**Data excerpt:**
+-------+

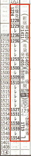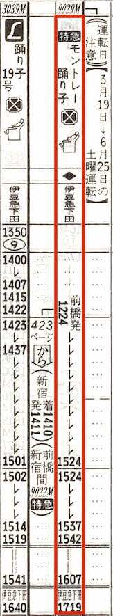前橋→伊豆急下田(土曜運転)と伊東→前橋(日曜運転)の臨時列車です。前橋・高崎から伊豆への観光需要があったのでしょう。前橋発は土曜の12時24分で、伊豆急下田へは17時19分の到着です。赤羽〜横浜は貨物線を通っていたようです。今の湘南新宿ラインと同じでしょうか。
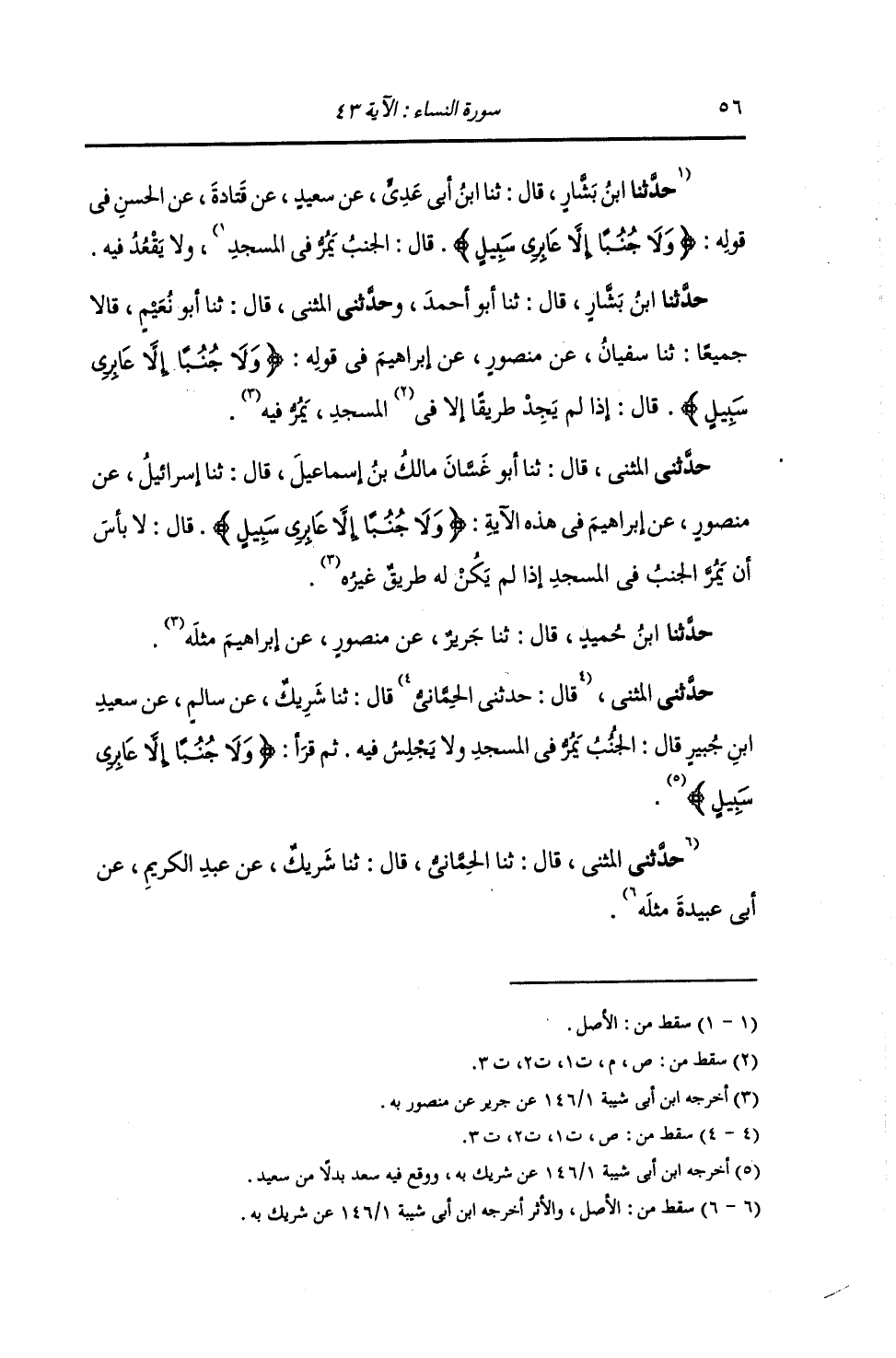 حَدَّثَنَا ابْنُ بَشَّارٍ , قَالَ: ثنا أَبُو أَحْمَدَ , وَحَدَّثَنِي الْمُثَنَّى , قَالَ: ثنا أَبُو نُعَيْمٍ , قَالَا جَمِيعًا: ثنا سُفْيَانُ , عَنْ مَنْصُورٍ , عَنْ إِبْرَاهِيمَ , فِي قَوْلِهِ: {§وَلَا جُنُبًا إِلَّا عَابِرِي سَبِيلٍ} [النساء: 43] قَالَ: «إِذَا لَمْ يَجِدْ طَرِيقًا إِلَّا الْمَسْجِدَ يَمُرُّ فِيهِ»
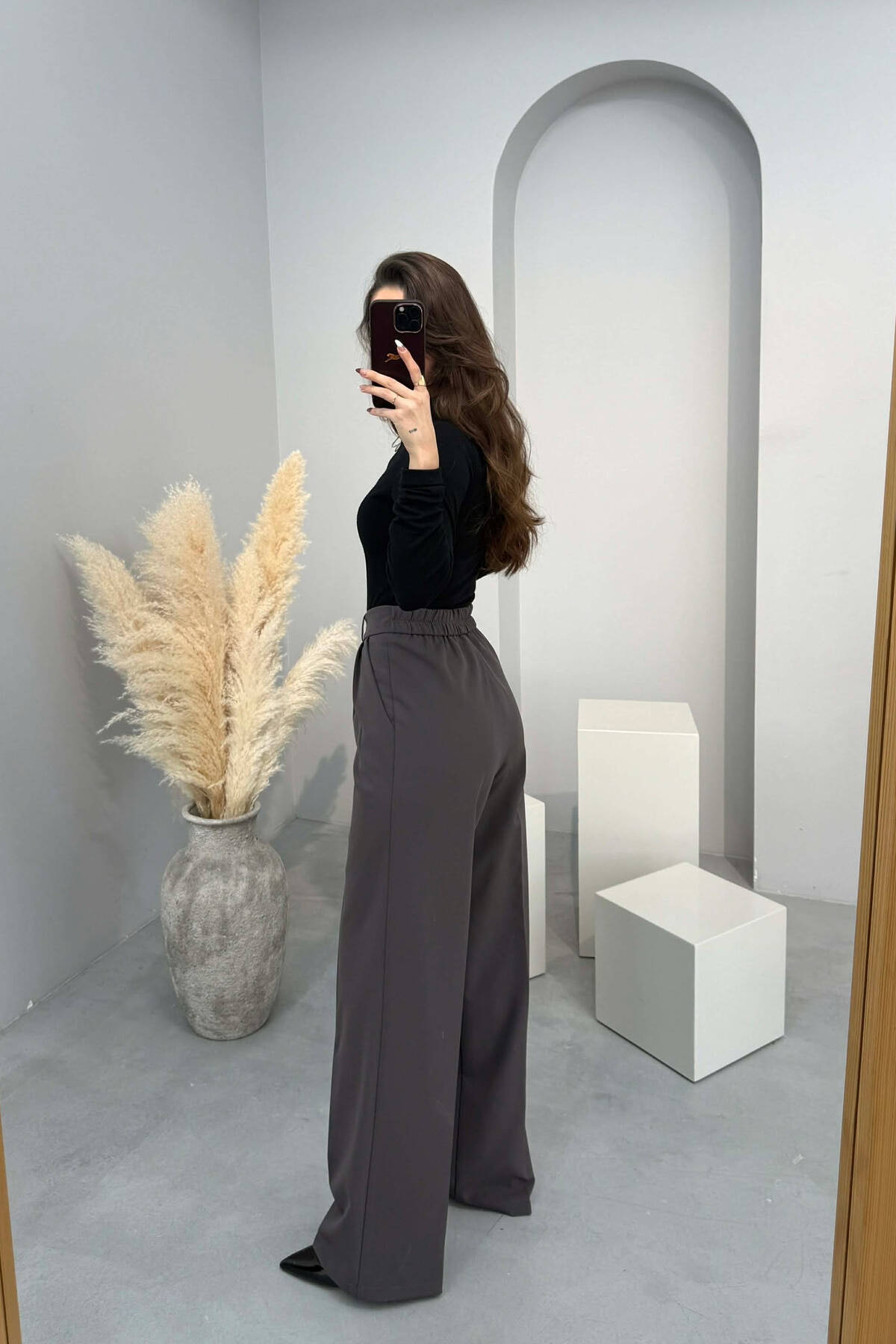 ONE COLOR SEMI ELASTIC WAIST WOMEN TROUSERS DARK GREY/GEE
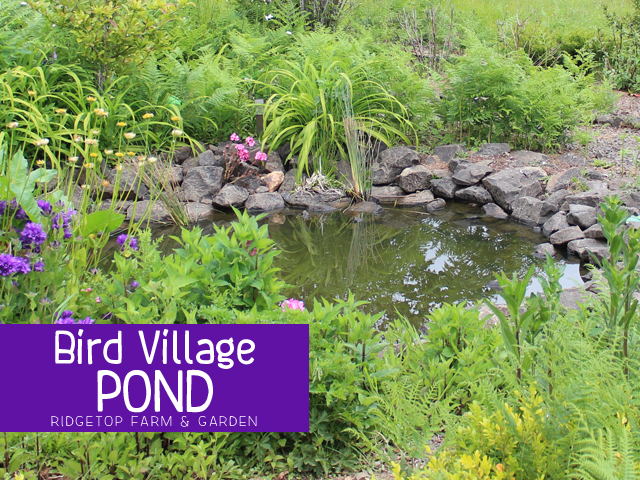 All the rain water from our gutters drain right about where the left back edge of the main pond begins. In the beginning days of the bird village, we tried turning the area into a bog garden. We didn’t do it correctly & so it wasn’t very boggy most of the year. What we did learn from that experience, though, is that excess water drains right out over the path, making a mess of it. So, we built a drainage area for this pond and then added a smaller pool to collect the water. The drainage area does go right through our walking path, though. Eventually, Farmer John is going to build a cutesy little bridge to go over that area.

+-------+

**Exercise:**
Set down, word for word, the full listing above, and carry over no pictures.

**Response below:**
前橋→伊豆急下田(土曜運転)と伊東→前橋(日曜運転)の臨時列車です。前橋・高崎から伊豆への観光需要があったのでしょう。前橋発は土曜の12時24分で、伊豆急下田へは17時19分の到着です。赤羽〜横浜は貨物線を通っていたようです。今の湘南新宿ラインと同じでしょうか。
 حَدَّثَنَا ابْنُ بَشَّارٍ , قَالَ: ثنا أَبُو أَحْمَدَ , وَحَدَّثَنِي الْمُثَنَّى , قَالَ: ثنا أَبُو نُعَيْمٍ , قَالَا جَمِيعًا: ثنا سُفْيَانُ , عَنْ مَنْصُورٍ , عَنْ إِبْرَاهِيمَ , فِي قَوْلِهِ: {§وَلَا جُنُبًا إِلَّا عَابِرِي سَبِيلٍ} [النساء: 43] قَالَ: «إِذَا لَمْ يَجِدْ طَرِيقًا إِلَّا الْمَسْجِدَ يَمُرُّ فِيهِ»
 ONE COLOR SEMI ELASTIC WAIST WOMEN TROUSERS DARK GREY/GEE
 All the rain water from our gutters drain right about where the left back edge of the main pond begins. In the beginning days of the bird village, we tried turning the area into a bog garden. We didn’t do it correctly & so it wasn’t very boggy most of the year. What we did learn from that experience, though, is that excess water drains right out over the path, making a mess of it. So, we built a drainage area for this pond and then added a smaller pool to collect the water. The drainage area does go right through our walking path, though. Eventually, Farmer John is going to build a cutesy little bridge to go over that area.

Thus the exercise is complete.